_Exercise input_
-------------------------

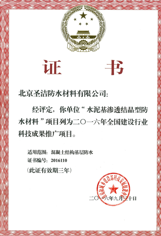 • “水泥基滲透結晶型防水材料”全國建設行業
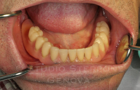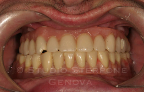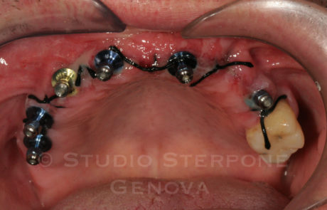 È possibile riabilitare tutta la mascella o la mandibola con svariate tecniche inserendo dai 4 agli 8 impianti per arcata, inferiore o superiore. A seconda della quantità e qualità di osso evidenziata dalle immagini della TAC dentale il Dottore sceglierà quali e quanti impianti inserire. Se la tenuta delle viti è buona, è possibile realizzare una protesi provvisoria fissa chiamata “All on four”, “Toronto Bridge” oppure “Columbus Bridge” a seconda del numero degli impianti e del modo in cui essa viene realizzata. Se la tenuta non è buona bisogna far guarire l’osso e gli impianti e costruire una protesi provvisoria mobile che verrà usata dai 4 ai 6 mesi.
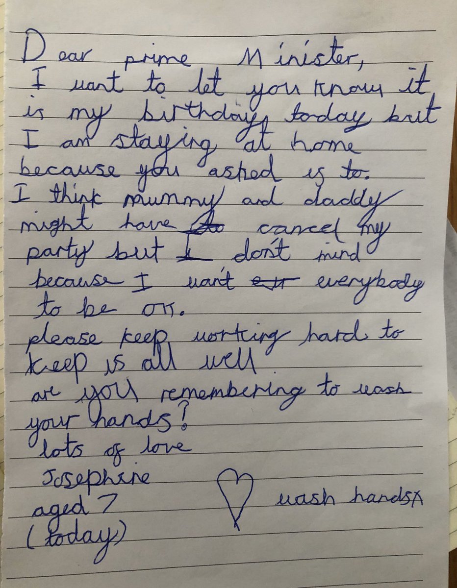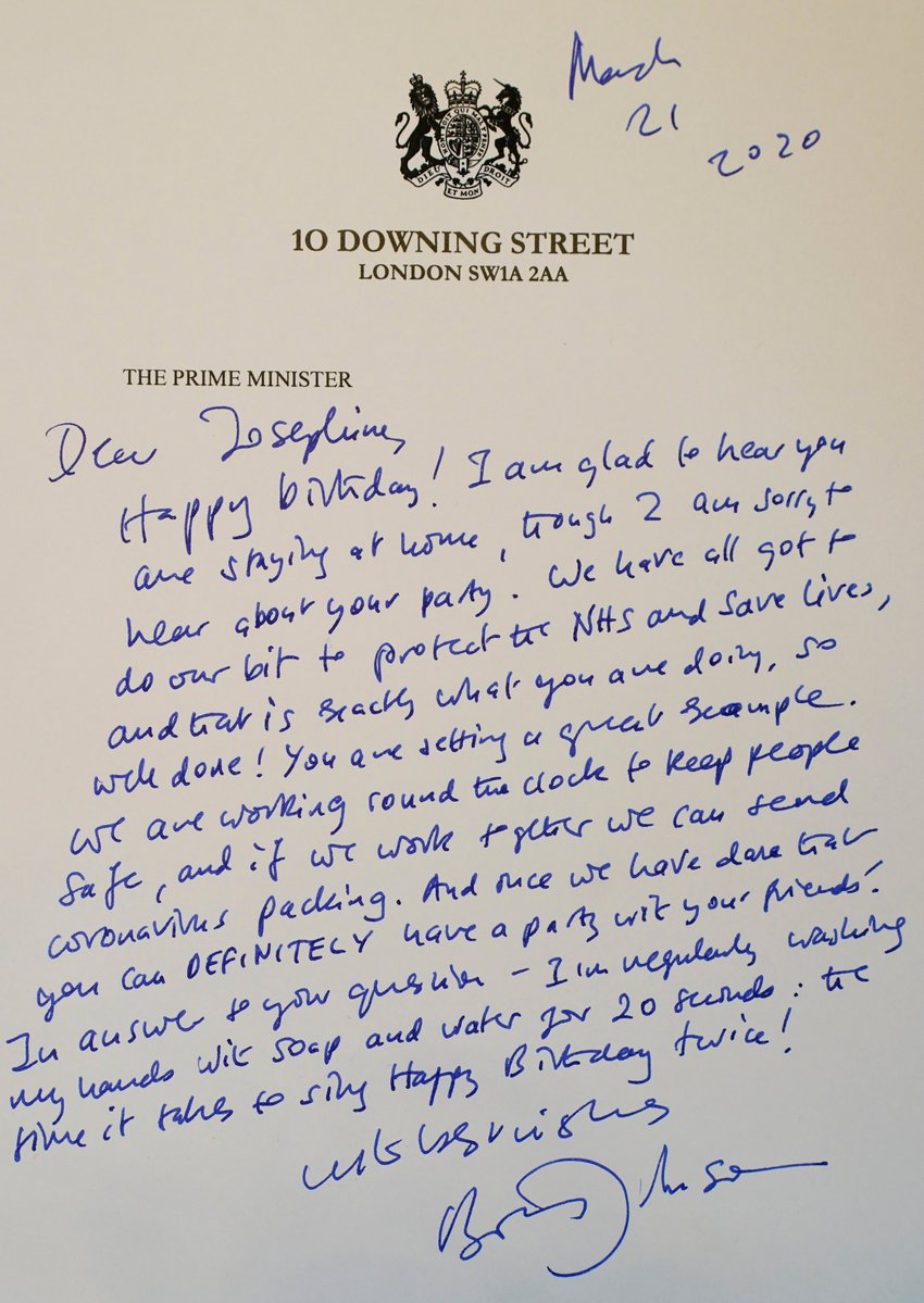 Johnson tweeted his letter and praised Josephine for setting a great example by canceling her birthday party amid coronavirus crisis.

-------------------------

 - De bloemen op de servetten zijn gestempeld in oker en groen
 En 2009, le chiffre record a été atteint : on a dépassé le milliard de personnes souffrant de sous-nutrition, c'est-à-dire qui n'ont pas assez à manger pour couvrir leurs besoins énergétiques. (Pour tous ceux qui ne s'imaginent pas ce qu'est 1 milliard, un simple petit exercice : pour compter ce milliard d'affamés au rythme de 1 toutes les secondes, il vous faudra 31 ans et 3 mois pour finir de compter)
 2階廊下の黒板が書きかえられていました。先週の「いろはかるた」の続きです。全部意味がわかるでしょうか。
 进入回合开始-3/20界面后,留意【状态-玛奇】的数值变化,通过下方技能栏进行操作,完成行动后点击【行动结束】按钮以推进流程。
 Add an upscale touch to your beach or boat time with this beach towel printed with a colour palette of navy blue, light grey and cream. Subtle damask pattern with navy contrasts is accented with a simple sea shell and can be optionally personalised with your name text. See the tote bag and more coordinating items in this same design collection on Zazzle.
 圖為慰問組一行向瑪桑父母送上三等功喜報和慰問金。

-------------------------

_Your task_
Reproduce verbatim the lines above, from the line with "进入回合开始-3/20界面后" through the line with "圖為慰問組一行向瑪桑父母送上三等功喜報和慰問金。".

_Result of the task_
 进入回合开始-3/20界面后,留意【状态-玛奇】的数值变化,通过下方技能栏进行操作,完成行动后点击【行动结束】按钮以推进流程。
 Add an upscale touch to your beach or boat time with this beach towel printed with a colour palette of navy blue, light grey and cream. Subtle damask pattern with navy contrasts is accented with a simple sea shell and can be optionally personalised with your name text. See the tote bag and more coordinating items in this same design collection on Zazzle.
 圖為慰問組一行向瑪桑父母送上三等功喜報和慰問金。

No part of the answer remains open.